Как раз в «Правде» была опубликована большая статья о подготовке хоккейной сборной СССР к предстоявшему чемпионату мира. Ивана она заинтересовала.

- Осталось служить меньше года, - подумал он. - Надо быть в курсе хоккейных событий! Ведь чем еще придется заниматься в свободное от работы время «на гражданке»?

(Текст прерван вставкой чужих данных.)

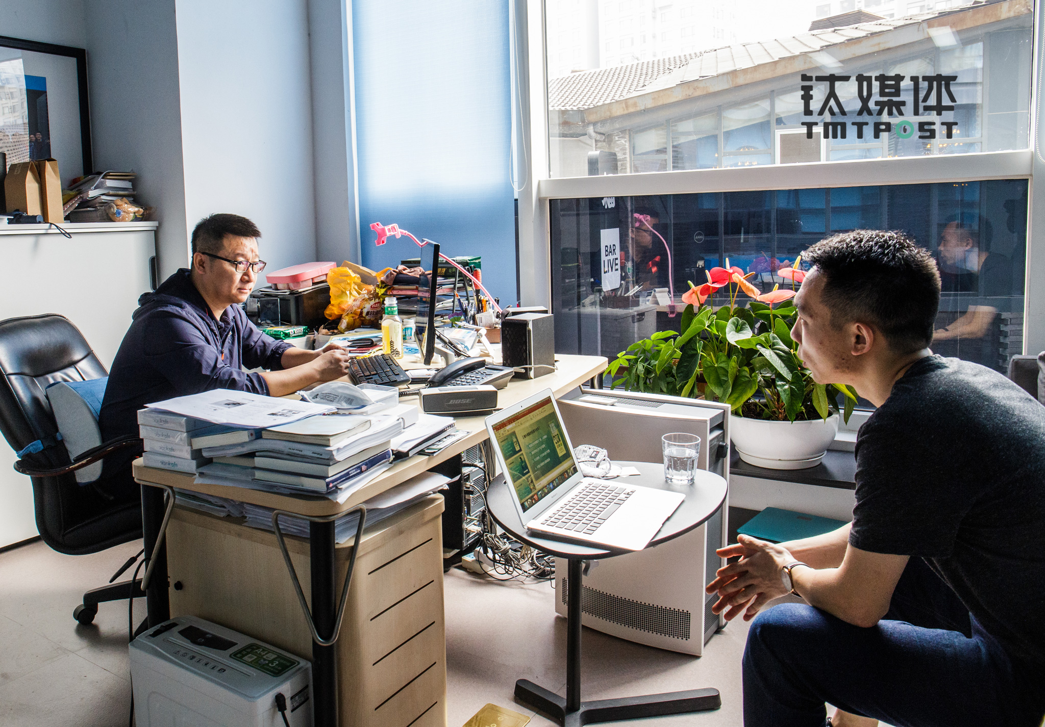 CEO耿乐(左)在办公室接受采访。2000年,耿乐在自己的卧室中创立了中国第一家同性恋网站——“淡蓝网”。当时身为一名警察,他对家人和同事隐瞒着自己的性取向,“我曾经一度觉得,自己是世界上唯一的同性恋。”
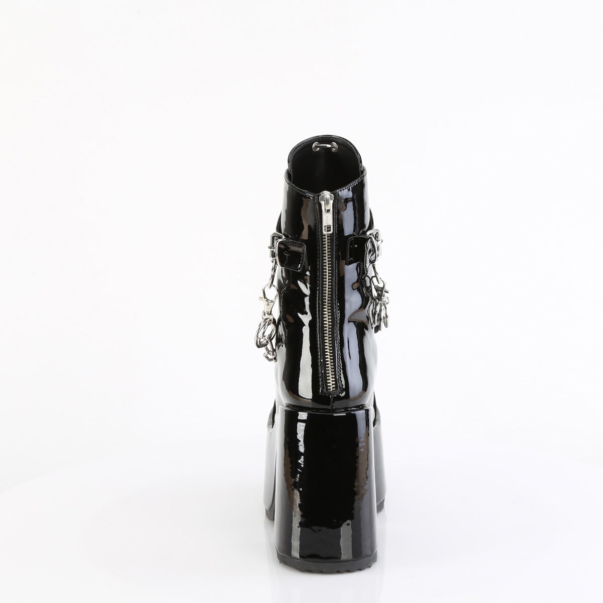 Laissez-vous tenter par une botte de style unique et élégant! Cette botte à talon épais de 5" (127 mm) et à plateforme de 3 po (76 mm) à mi-mollet avec boucle supérieure à boucle ronde cloutée avec joint torique, chaîne suspendue amovible et détails de joint torique sur la languette, fermeture à glissière en métal à l’arrière.
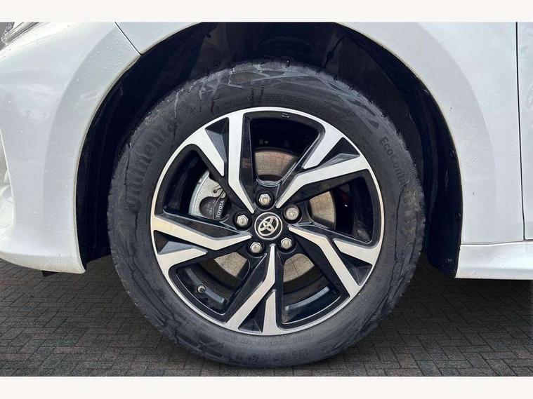 7" Digital Combimeter, Adaptive cruise control, Adjustable speed limit with speed warning, Bluetooth connectivity, Colour binocular inspired displays with digital speedometer, E-call, Electric power steering, Hybrid energy display, Multi information display switches on steering wheel, Reversing camera, Smartphone integration with Apple CarPlay and Android auto, Tailgate, Voice recognition, Vehicle Stability Control (VSC), 4 speakers, 9" Multimedia touch display, Toyota Touch 3 system with DAB radio, USB connection, Acoustic windscreen glass, Auto windscreen wipers, Automatic headlights, Body coloured door mirrors, Electric adjustable heated door mirrors, Follow me home headlights, Front auto power windows with anti jam protection, Full LED rear lights, LED daytime running lights, LED front fog lights, LED front light guide, LED Headlights, LED High mounted stop lamp, LED Indicators, LED rear light guide, Manual headlight levelling, Painted chequered front grille, Rain sensor, Rear auto power windows with anti jam protection, Rear privacy glass, Rear side wing doors, Rear spoiler, Rear wiper, Shark fin antenna, Turning signal integrated indicators in door mirrors, Variable front intermittent wipers, 3 adjustable rear headrests, 3 seat bench in 2nd row, 3 spoke leather steering wheel, 60/40 split folding rear seat, Active headrests, Adjustable boot height, Auto air conditioning, Coat hooks in rear grab handles, Cup holders (2 front & door), Data Communication Module (DCM) connected services, Fabric upholstery, Front armrest, Glovebox, Grey roof lining, Height adjustable driver's seat, Isofix seat fixing, Leather gearshift, Pollen filter, Shopping bag hooks, Single front passenger seat, Tilt/telescopic steering column, 3 point seatbelts on all rear seats, ABS+EBD+Brake assist, Electronic parking brake, Emergency brake light system (EBS), Front passenger airbag on/off switch, Front seatbelt reminder, Hill start assist control (HAC), Rear child proof door locks, Rear seat belt reminder, Supplemental Restraint System (SRS) 8 airbags: Driver & passenger's airbags, dual side curtain airbags, side impact airbags, front centre airbag, Toyota Safety Sense 3 with over the air updates, Tyre pressure warning system, 2x Master key, Alarm/immobiliser, Remote powered central double locking doors, Soft touch instrument panel, Space saver spare wheel,

Увлекшись чтением, он не заметил, как открылась входная дверь.

- А, вот ты где! - раздался знакомый голос. - Вот хорошо, что ты не в штабе!

Зайцев вздрогнул и посмотрел на говорившего. Впрочем, он уже понял, что это Туклерс.

- Ну, что, Туклерс, будешь завтра участвовать в самодеятельности? - спросил он с видимым безразличием.

- Буду. Куда же я денусь? - ответил тот. - Но я, собственно, не для того тебя ищу, чтобы говорить о самодеятельности.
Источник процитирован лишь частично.